Broadcom ditches VMware Cloud Service Providers - ‘How can they cancel a major program affecting hundreds, perhaps thousands of customers, with zero notice?’::‘How can they cancel a major program affecting hundreds, perhaps thousands of customers, with zero notice?’
Broadcom can’t afford to get distracted with servicing those small businesses after laying off thousands of vmware employees. They’ll have to make sure the handful of remaining vmware employees focus on milking their biggest customers instead.
Step 1: Fail at trying to acquire Qualcomm
Step 2: Successfully acquire CA Technologies, keeping all those mainframe companies on their mainframes for exorbitant fees
Step 3:
In 2019, Broadcom was announced the fifth best performing stock of the 2010s, with a total return of 1,956%.
Step 4: Aquire VMware, so now you own the business of people trying to get out of mainframes
Step 5: As you said, milk the huge enterprises with critical technology stuck in either mainframes or virtualization of their tech because they would rather pay the monthly fees than the upfront investment of moving to more modern systems
And they will do Vmware partners again. With hand selected partners
As an enterprise, I would not add any more dependencies on a vendor who rug pulled a block of their customers. We use VMware, we use practically everyone to some degree, and at least at my shop every team works with more than one stack so it’s not like the talent is locked in. This is a huge black mark for BROADCOM next time a team is starting a project or program in general.
That being said, the decision is understandable because VMware’s days are numbered: they were instrumental to moving from on-prem to the cloud, but I cannot actually think of any use cases where we used them for anything NEW.
And that’s why I prefer KVM, even in corporate environments: I don’t need to care about licensing and dropped support.
The HA, vMotion, DRS and other features.
But I agree. KVM gets better every year. Proxmox is an excellent example of what is possible with KVM.
Proxmox is getting there.
HA: I implemented HA recently and even without a SAN or Ceph, you can get HA with ZFS replication to work. I have it HAing my OPNsense router amongst other VMs, and I’ve had it fail over flawlessly when a SAS card in one node shit the bed and dropped the node. I didn’t even notice it had failed over to another node until I looked at the logs.
Vmotion: Live migration has worked well for a long time, doesn’t even drop a ping. I move nodes all the time for node upgrades and have never seen it fail.
DRS: I haven’t seen this work yet and I only run 3 nodes with light workloads, so I can’t speak to how well it works.
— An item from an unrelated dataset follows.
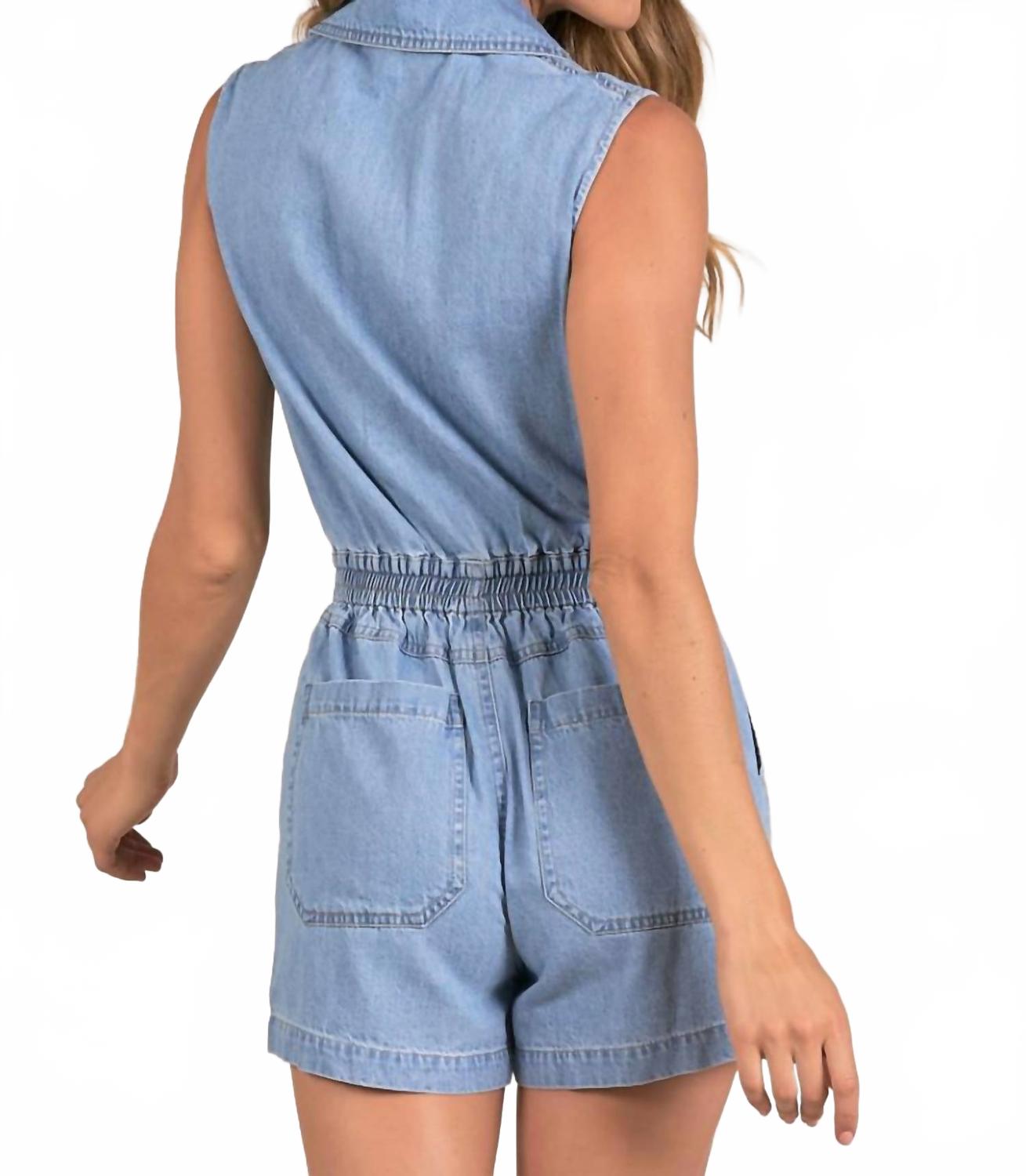 Джинсовый комбинезон с молнией спереди в синем цвете ELAN

But it’s been there since 7.3
PBS: this is a worthy competitor to Veeam. Great dedup, replication sync for backup, restores are painless at the file and the guest level.
Get back to me when I can install it on Rocky or alpine.
Cant hack paper
Why did they even bother acquiring them? I’m lost.
Patents?
To squeeze the hell out of it while it dies. They’re betting that people can’t move quickly off the technology, and jacking up license costs by 30%
Please let all VMware employee(only the most worthy) move and create a new company that makes the same product. Call it zmware or virtual ware and change up the ui a bit but steal all those customers (like me) right back
Google envy?
Google has broadcom envy to be honest. This is their MO
This is the best summary I could come up with:
Exclusive Broadcom is tossing the majority of VMware’s Cloud Services Providers as part of its shakeup of the virtualization titan’s partner programs, say sources, leaving customers unclear who their IT supplier will be.
A month later we revealed that Broadcom intended to discontinue VMware’s channel program, and that some solution providers/ resellers would be transitioned to its own scheme, but on an invitation-only basis, from February.
Chatter among some in the industry is that Broadcom is only interested in keeping the largest and most profitable customers, and the company simply doesn’t care about the smaller users and the providers that service them.
“This all sounds very much like Broadcom taking an aggressive approach to its route to market and focusing on those partners that can deliver growth and significant revenue,” said Omdia chief analyst Roy Illsley.
This would be ironic as Broadcom itself used the spin that its takeover of VMware would actually lead to more competition in the cloud market, back when it was trying to sweet talk European Union antitrust regulators into giving it the go-ahead.
The notion that the Broadcom-VMware merger might stifle competition was precisely why various regulatory bodies around the globe decided to look closely at the deal before allowing it to proceed.
The original article contains 817 words, the summary contains 208 words. Saved 75%. I’m a bot and I’m open source!